The Sqlite locks are process level file locks and are less efficient when invoked by threads because of the mutexes and extra logic required.

In essence a transaction is a journal file and the transaction lock is a lock on that file. There can be only one journal current for each database file. Sqlite does have some sophistications which increase concurrency. For example it is possible to read a database while a journal file is being built, but not when it is being committed or if you specify an exclusive transaction.

Finally, Sqlite is "lite" and designed towards embedded use rather than enterprise implementations. If you need the features of Oracle, then use it but if you don't Sqlite's small footprint and minimalist nature can be highly beneficial.

John Firebaugh wrote:
You're confusing threads with the context of the connection. When you
call sqlite3_open() you get a single connection to a db. That
connection can then be used across threads, but it is for all intents
and purposes a single line of communication with a database (using it
twice at the same time doesn't somehow multiply that relationship).

Thank you for attempting to clarify this for me. You are saying that the
transaction state is part of the connection context, whereas I was
expecting it to be a per-thread-per-connection state.

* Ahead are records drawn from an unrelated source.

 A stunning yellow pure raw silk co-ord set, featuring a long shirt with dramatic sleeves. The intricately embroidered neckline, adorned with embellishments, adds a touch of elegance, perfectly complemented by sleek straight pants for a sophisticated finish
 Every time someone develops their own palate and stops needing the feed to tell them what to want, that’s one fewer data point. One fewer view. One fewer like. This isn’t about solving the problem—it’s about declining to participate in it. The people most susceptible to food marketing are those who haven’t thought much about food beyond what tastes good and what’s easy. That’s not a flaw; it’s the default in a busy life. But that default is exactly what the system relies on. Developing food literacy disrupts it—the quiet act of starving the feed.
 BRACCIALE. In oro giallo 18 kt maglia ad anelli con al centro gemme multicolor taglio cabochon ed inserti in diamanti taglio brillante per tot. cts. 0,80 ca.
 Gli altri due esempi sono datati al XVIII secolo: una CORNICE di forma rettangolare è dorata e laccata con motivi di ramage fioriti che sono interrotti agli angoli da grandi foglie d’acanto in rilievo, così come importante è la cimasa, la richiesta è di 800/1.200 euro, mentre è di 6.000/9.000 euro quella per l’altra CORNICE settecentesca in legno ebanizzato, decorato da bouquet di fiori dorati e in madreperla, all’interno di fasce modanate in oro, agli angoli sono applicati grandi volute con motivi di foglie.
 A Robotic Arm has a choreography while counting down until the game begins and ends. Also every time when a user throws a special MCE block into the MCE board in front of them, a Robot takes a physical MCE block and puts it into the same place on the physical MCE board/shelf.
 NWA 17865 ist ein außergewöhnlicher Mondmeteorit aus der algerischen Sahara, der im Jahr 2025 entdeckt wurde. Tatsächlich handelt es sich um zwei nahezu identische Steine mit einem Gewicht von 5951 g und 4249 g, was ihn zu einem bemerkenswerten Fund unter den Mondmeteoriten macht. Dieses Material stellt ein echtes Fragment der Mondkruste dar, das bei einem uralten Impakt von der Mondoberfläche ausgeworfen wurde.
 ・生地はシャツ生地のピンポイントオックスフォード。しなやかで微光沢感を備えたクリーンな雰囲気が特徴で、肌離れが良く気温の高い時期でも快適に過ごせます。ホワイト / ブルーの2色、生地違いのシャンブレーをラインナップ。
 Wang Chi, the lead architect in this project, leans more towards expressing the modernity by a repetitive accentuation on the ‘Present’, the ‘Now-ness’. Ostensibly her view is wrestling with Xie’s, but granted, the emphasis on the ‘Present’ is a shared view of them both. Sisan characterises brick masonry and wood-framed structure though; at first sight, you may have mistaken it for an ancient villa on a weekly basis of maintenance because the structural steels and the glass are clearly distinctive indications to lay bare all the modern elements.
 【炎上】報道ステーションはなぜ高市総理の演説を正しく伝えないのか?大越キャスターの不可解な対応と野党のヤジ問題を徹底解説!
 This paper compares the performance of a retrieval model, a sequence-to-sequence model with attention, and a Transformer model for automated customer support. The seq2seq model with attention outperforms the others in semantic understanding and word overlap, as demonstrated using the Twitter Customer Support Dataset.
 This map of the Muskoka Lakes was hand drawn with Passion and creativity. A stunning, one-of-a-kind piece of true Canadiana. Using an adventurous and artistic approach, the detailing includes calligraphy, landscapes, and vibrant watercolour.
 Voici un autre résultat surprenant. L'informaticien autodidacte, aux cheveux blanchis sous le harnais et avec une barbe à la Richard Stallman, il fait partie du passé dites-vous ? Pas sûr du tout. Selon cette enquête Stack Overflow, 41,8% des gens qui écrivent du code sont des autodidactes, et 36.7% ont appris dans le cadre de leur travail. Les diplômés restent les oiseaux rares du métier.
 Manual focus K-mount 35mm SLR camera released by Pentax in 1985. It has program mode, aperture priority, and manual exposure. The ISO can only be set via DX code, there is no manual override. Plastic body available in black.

I had thought, based on the documentation, that there was little or no
functional difference between:

A) Two threads, each of which has its own database connection
B) Two threads, sharing a single database connection

Note that your example of two threads attempting to update the same
record at the same time is consistent with this theory -- in either case
SQLITE_BUSY (or similar) is likely to occur on one of the threads. In my
case, I was also expecting to get SQLITE_BUSY (or similar) with the
second transaction, rather than an error. (I'm well aquainted with the
SQLITE_BUSY behavior and application-level synchronization techniques.)

What else, besides transaction state, is part of the connection context
and shared with shared connections? I know of the page cache, of which
sharing is desired. Anything else to be aware of?